Olivia's cheeks colored, but she said doggedly, “I'm afraid I haven't any pajamas. My mother thinks they're fast.”

“Are they?” said Rachel languidly. “Mine tend to stay where I put them. Most of the time.”

“Um, well, yes.” Lady Olivia backed toward the door. “If there is anything you need, do let me know. Or you might ring…” She paused in the doorway, her expensive evening bag still clutched between her hands. “I'm sure this isn't at all what you're used to.”

She didn't know the half of it. There was a bellpull on the wall by the bed. Heavy cream writing paper on the table, embossed in gold. A far cry from Netherwell.

Rachel reached up to unscrew the French back of one of her earrings. “No. It's not.”

Lady Olivia hovered in the doorway, one hand on the knob. “After all the exotic places you've been … this must seem very provincial.”

Her voice was as stiff, as stilted as ever, but there was a hint of something else beneath it. Something a little wistful.

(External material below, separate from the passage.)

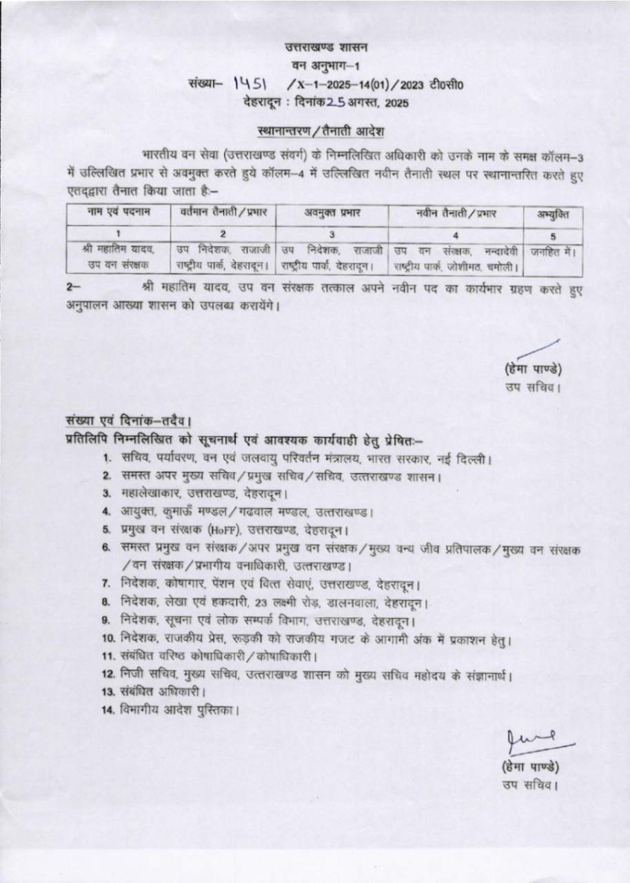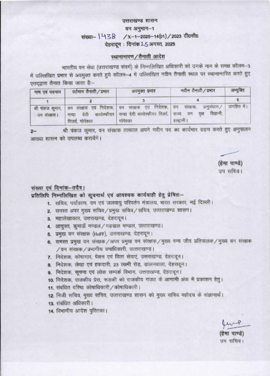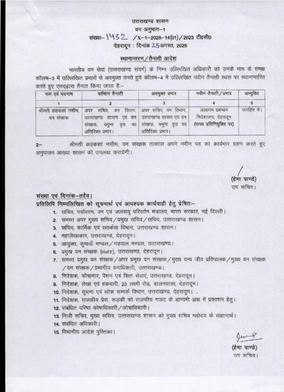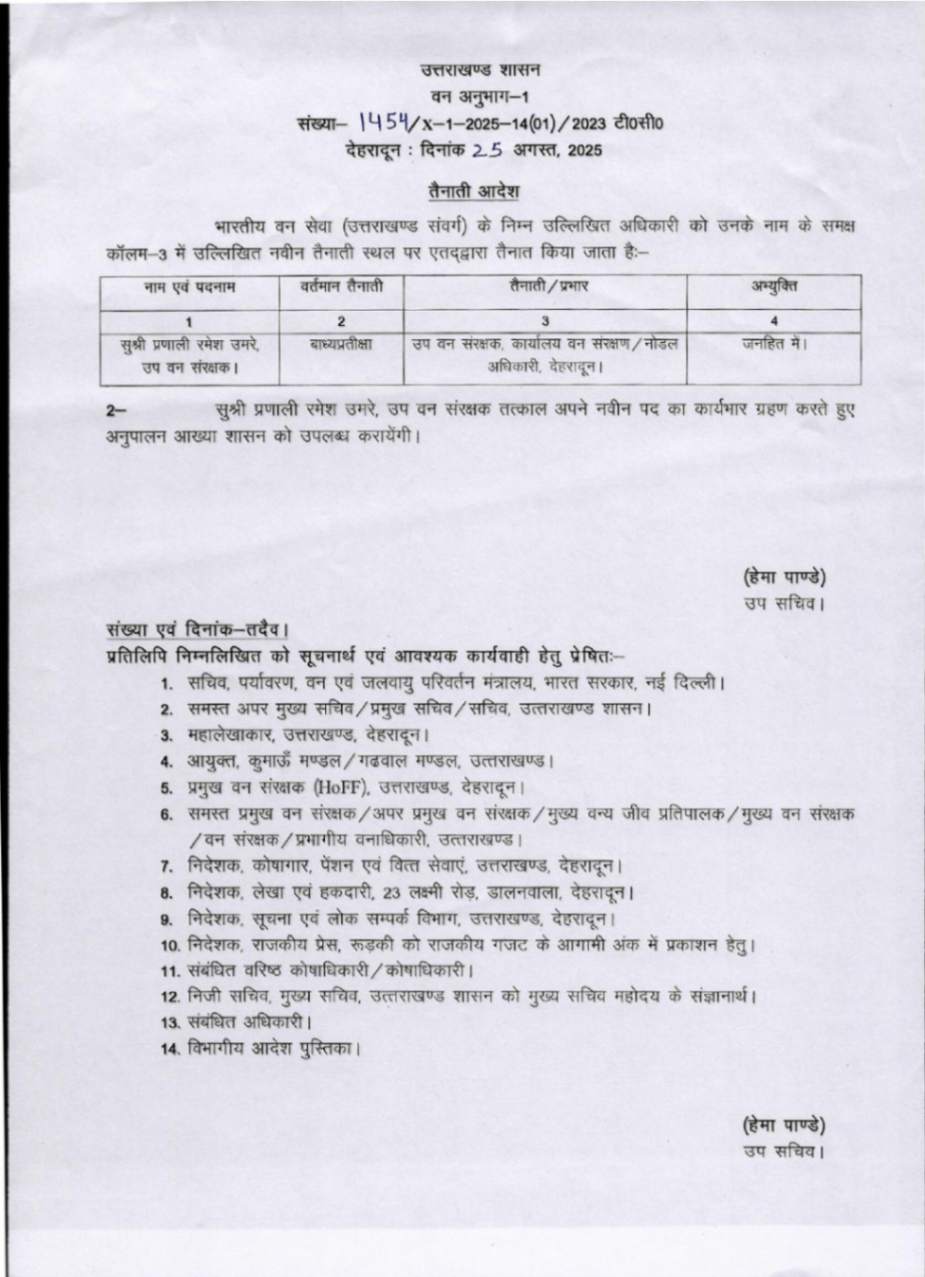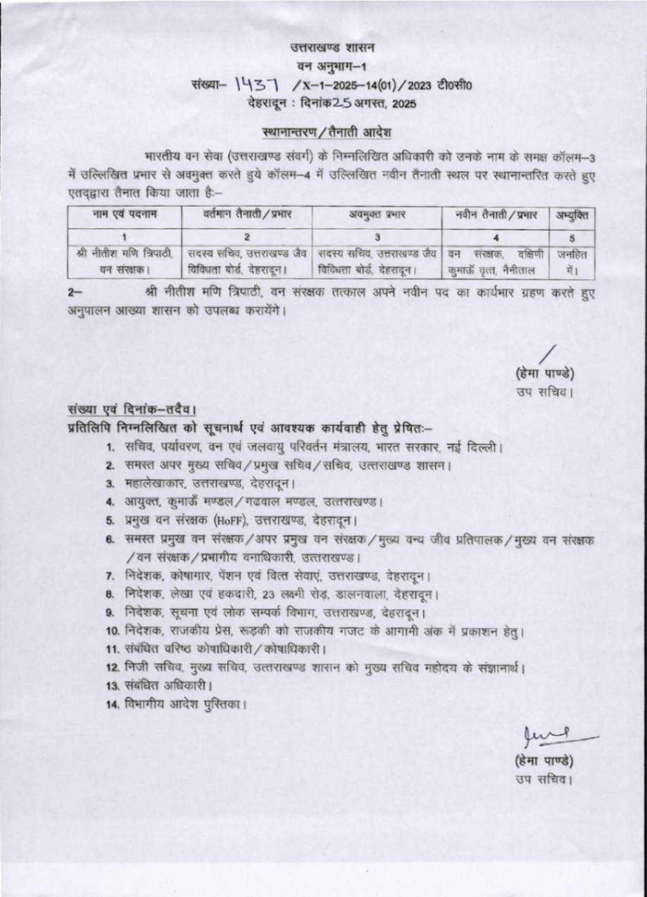 उत्तराखंड में IFS अधिकारियों के बम्पर ट्रांसफर, देखें आदेश August 25, 2025 Estimated read time 0 min read

Head tilted as she struggled with the back of the other earring, Rachel looked curiously at her half-sister. “I hadn't thought you would read the
Daily Yell
.”

There was a long pause, and then …

“Cook takes it.” Lady Olivia fidgeted with the pearl hanging from her ear. “I know it's silly—but it is rather exciting, reading about your adventures.”

Lady Olivia looked like a child on the wrong side of a toy shop window.

Rachel's fingers stilled on the back of her earring. “But you have your picture in
The Tatler
all the time!”

“Yes, going to other houses in Mayfair.” Olivia glanced down at her hands. “I was to have gone to Paris to be finished, but … my mother didn't want me to fall prey to unfortunate influences.”

“You haven't been to Paris?” Rachel wasn't sure why, she had just assumed that the daughter of an earl would have traveled, would have stayed in the great rooms of the houses where Rachel had been governess.

“When I'm married. I'll be able to go then—” Olivia broke off, a small furrow appearing between her eyes. “If John says it's all right.”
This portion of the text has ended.